*EXERCISE DESCRIPTION:*
Output begins at the line with "২৩ জুন ২০২৫, বাংলাদেশের" and ends at the last line of the records below. Copy each line in that span exactly, and leave out pictures.
** Opening DATASET ENTRIES block **
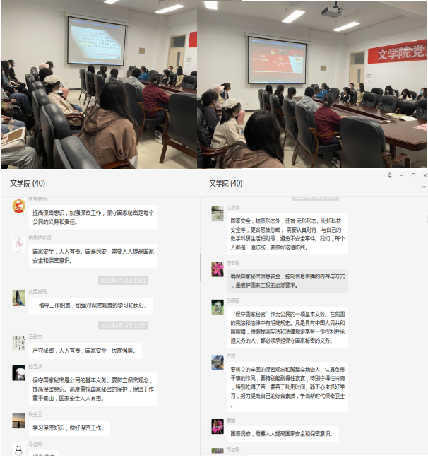 学院组织安排“全民安全教育日”的主题学习活动,各班班主任组织班会、学院组织专题会议,学习了习近平总书记关于总体国家安全观的论述、《反分裂国家法》《中华人民共和国国防法》《中华人民共和国生物安全法》《中华人民共和国网络安全法》等内容。通过学习交流,增强师生对国家安全知识的了解,清楚认识到国家安全的重大意义和国家安全机关在依法执行公务时的有关权利义务,更加清晰地认识到维护国家安全人人有责,同时掌握了一些防止手机、网络途径等泄露国家秘密、危及国家安全的基本常识。
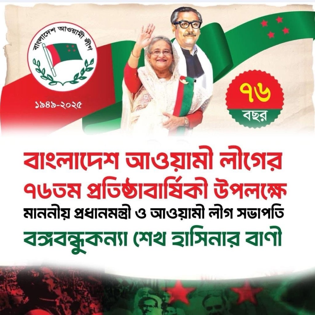 ২৩ জুন ২০২৫, বাংলাদেশের সর্ববৃহৎ রাজনৈতিক দল , বাংলাদেশ আওয়ামী লীগের ৭৬তম প্রতিষ্ঠাবার্ষিকীতে দেশবাসীর প্রতি শুভেচ্ছা ও সংগ্রামী অভিবাদন।
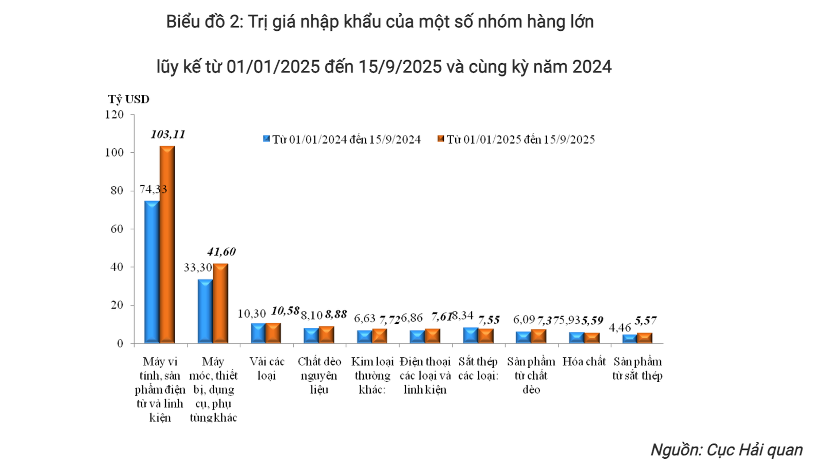 Trị giá nhập khẩu hàng hóa trong kỳ 1 tháng 9/2025 tăng so với kỳ 2 tháng 8/2025 chủ yếu ở một số nhóm hàng sau: Máy vi tính, sản phẩm điện tử và linh kiện tăng 265 triệu USD, tương ứng tăng 3,9%; máy móc, thiết bị, dụng cụ và phụ tùng tăng 191 triệu USD, tương ứng tăng 7,5%.
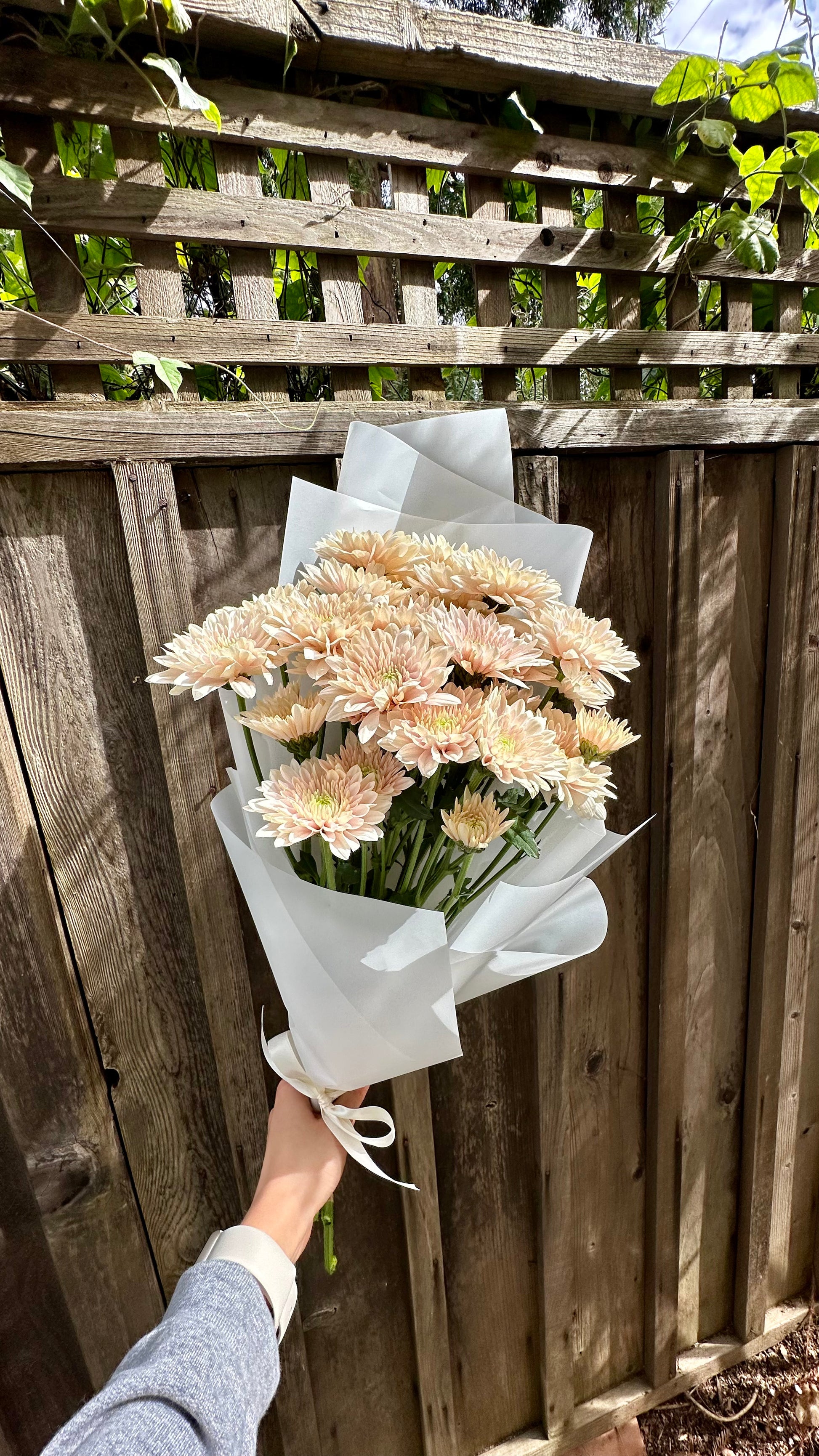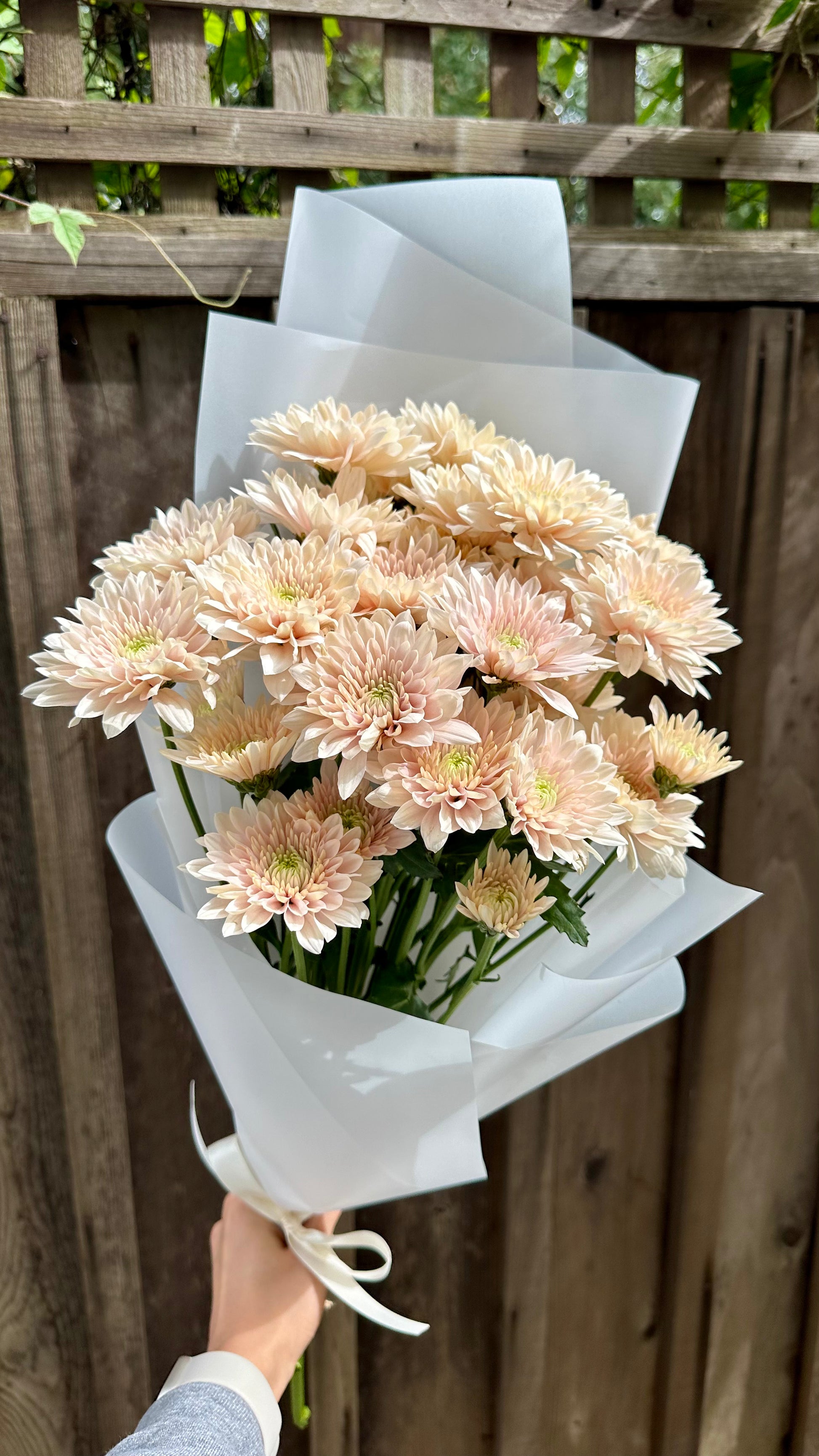 This bouquet features an array of pale peachy-pink chrysanthemums, each bloom radiating with delicate, layered petals that convey a sense of warmth and joy. Wrapped in a chic white paper and secured with a soft ribbon, the bouquet is a testament to understated elegance, perfect for gifting on special occasions or adding a touch of natural beauty to any space.
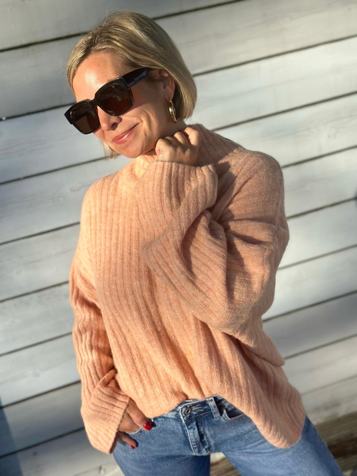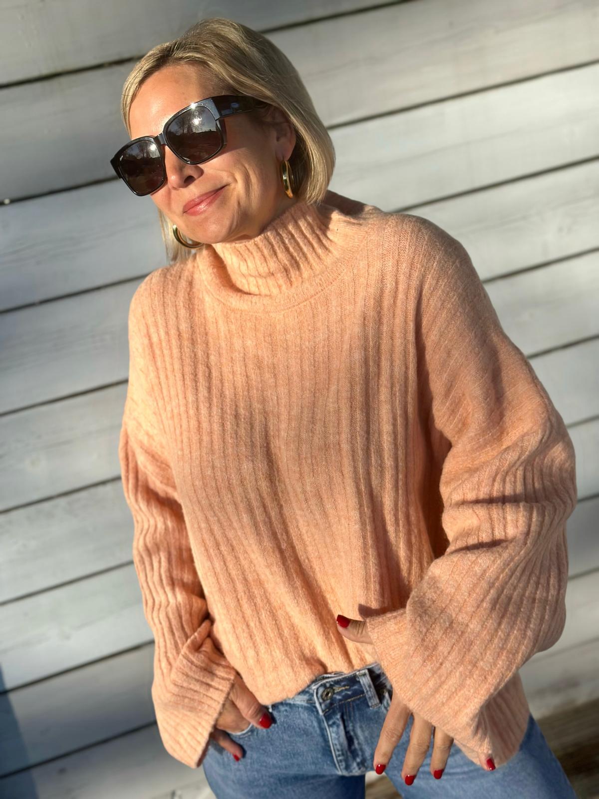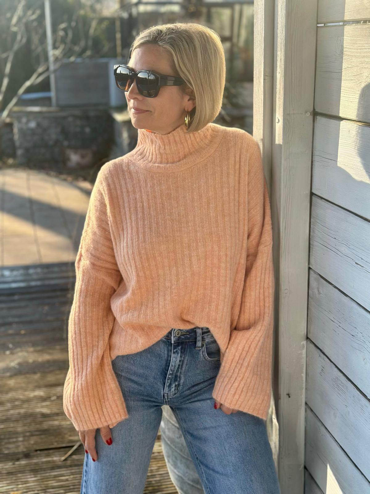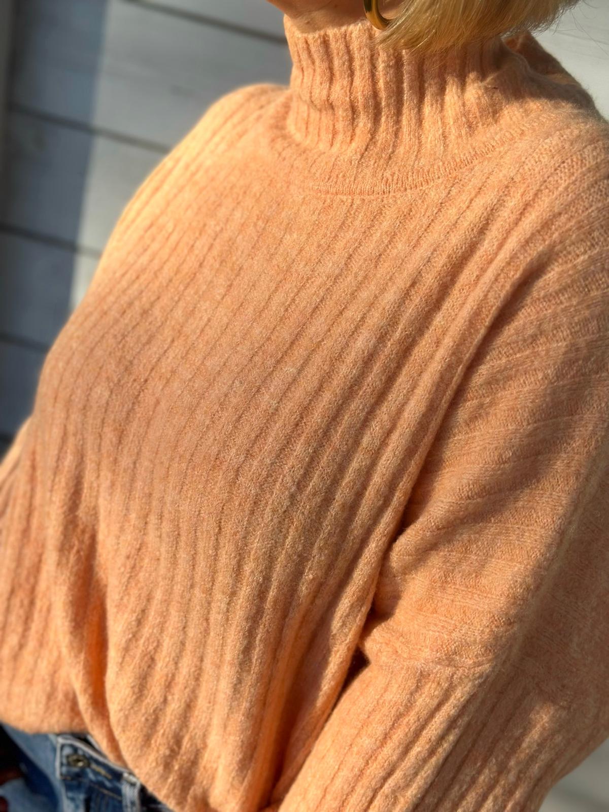 Kuscheliger Rippstrick-Rollkragen in Apricot
** Closing DATASET ENTRIES block **
*ANSWER AREA:*
 ২৩ জুন ২০২৫, বাংলাদেশের সর্ববৃহৎ রাজনৈতিক দল , বাংলাদেশ আওয়ামী লীগের ৭৬তম প্রতিষ্ঠাবার্ষিকীতে দেশবাসীর প্রতি শুভেচ্ছা ও সংগ্রামী অভিবাদন।
 Trị giá nhập khẩu hàng hóa trong kỳ 1 tháng 9/2025 tăng so với kỳ 2 tháng 8/2025 chủ yếu ở một số nhóm hàng sau: Máy vi tính, sản phẩm điện tử và linh kiện tăng 265 triệu USD, tương ứng tăng 3,9%; máy móc, thiết bị, dụng cụ và phụ tùng tăng 191 triệu USD, tương ứng tăng 7,5%.
 This bouquet features an array of pale peachy-pink chrysanthemums, each bloom radiating with delicate, layered petals that convey a sense of warmth and joy. Wrapped in a chic white paper and secured with a soft ribbon, the bouquet is a testament to understated elegance, perfect for gifting on special occasions or adding a touch of natural beauty to any space.
 Kuscheliger Rippstrick-Rollkragen in Apricot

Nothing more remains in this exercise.